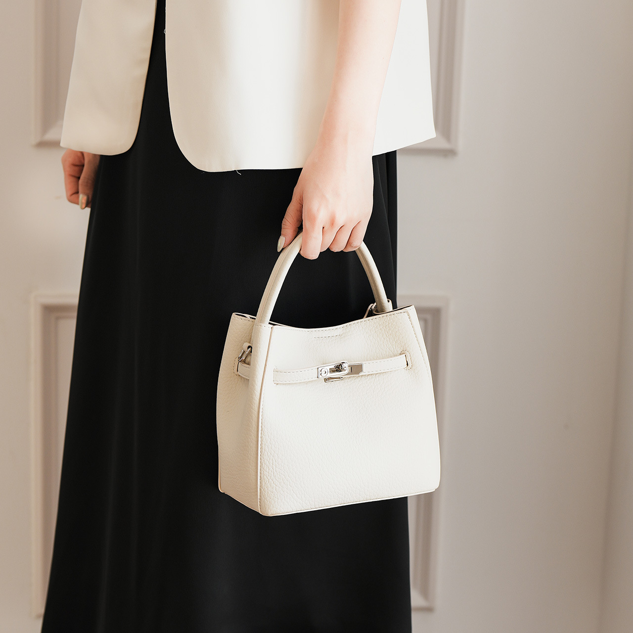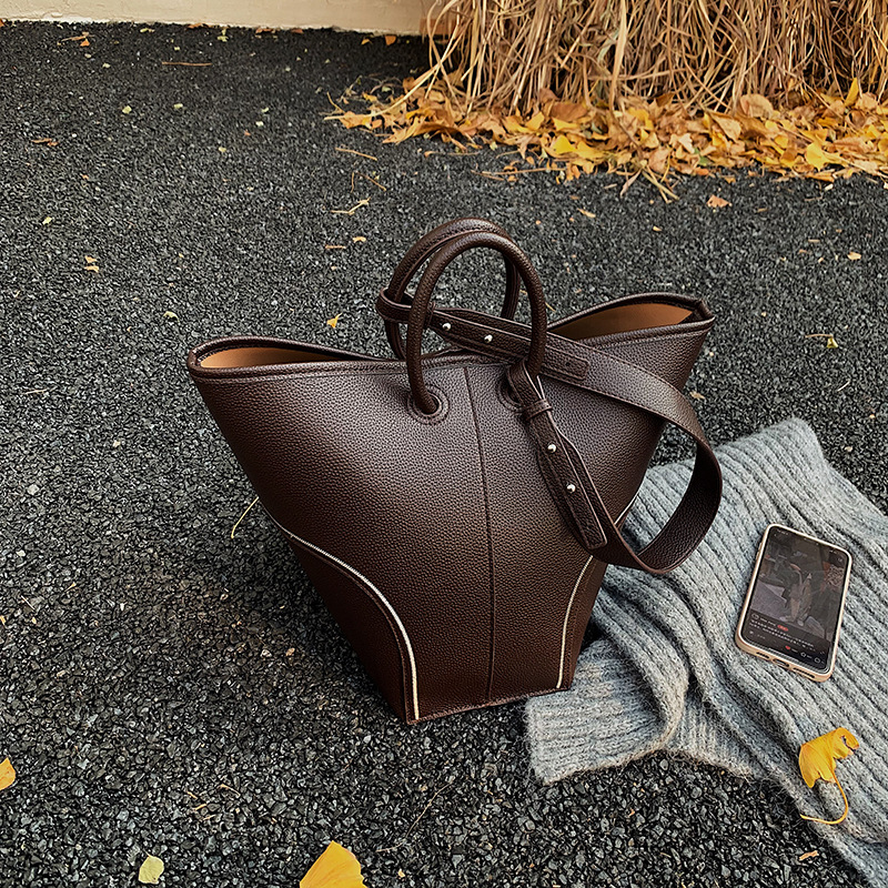 秋冬新款时尚通勤手提包小众高级感大容量水桶包单肩斜挎托特包
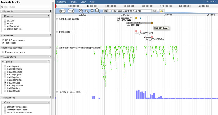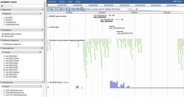 This guide will give you a brief overview of how to use JBrowse for exploring the sunflower genome annotations. For reference, there is a more detailed guide for how to use JBrowse on ARAPORT (Arabidopsis Information Portal). This page serves to explain some of the features of the sunflower browser that might not be found on other sites.
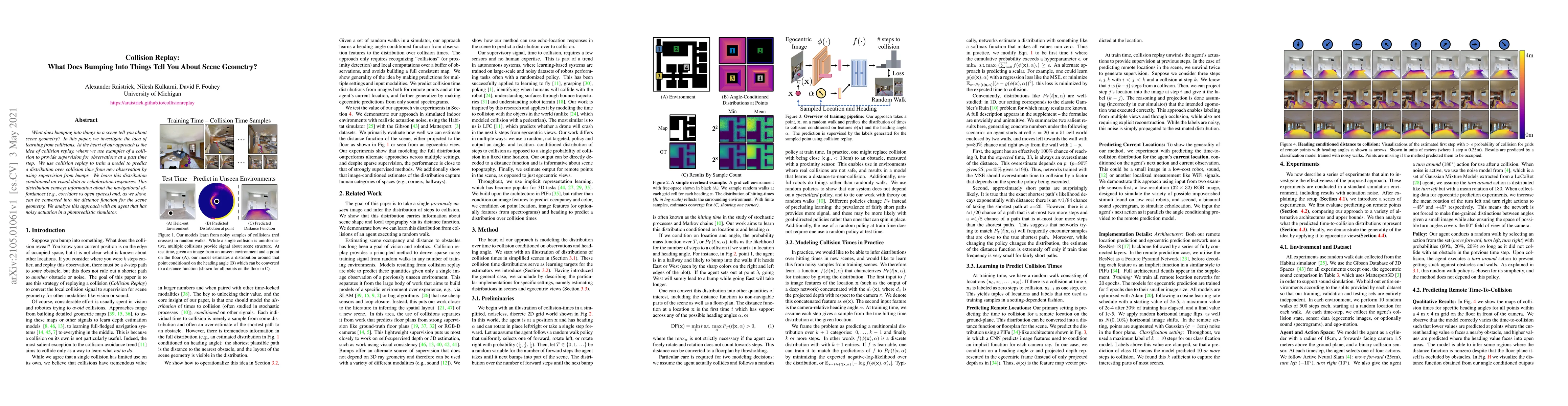 This paper explores using collision replay to infer scene geometry by training convolutional neural networks to predict collision times from images, which reveals navigational affordances and can generate distance functions for scene geometry. The method is tested in a photorealistic simulator with an agent experiencing noisy actuation.
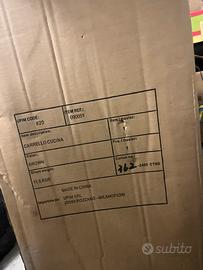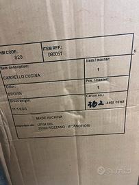 Carrello cucina in legno, 3 ripiani, 2 cassetti, con rotelle. Misure 85x85x37 Il prodotto e’ ancora perfettamente imballato, mai usato.
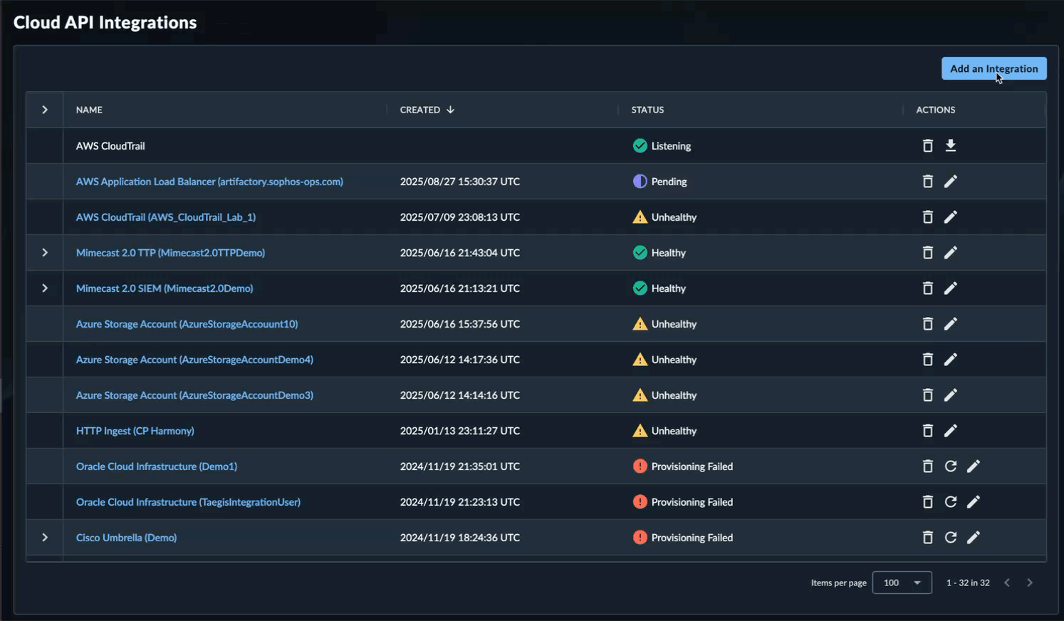 - From the Taegis Menu, select Integrations → Cloud APIs.

:::

**Exercise**
Give back exactly the lines from the first line of the data through the line with "This guide will", pictures excluded.

**Result of the task**
 秋冬新款时尚通勤手提包小众高级感大容量水桶包单肩斜挎托特包
 This guide will give you a brief overview of how to use JBrowse for exploring the sunflower genome annotations. For reference, there is a more detailed guide for how to use JBrowse on ARAPORT (Arabidopsis Information Portal). This page serves to explain some of the features of the sunflower browser that might not be found on other sites.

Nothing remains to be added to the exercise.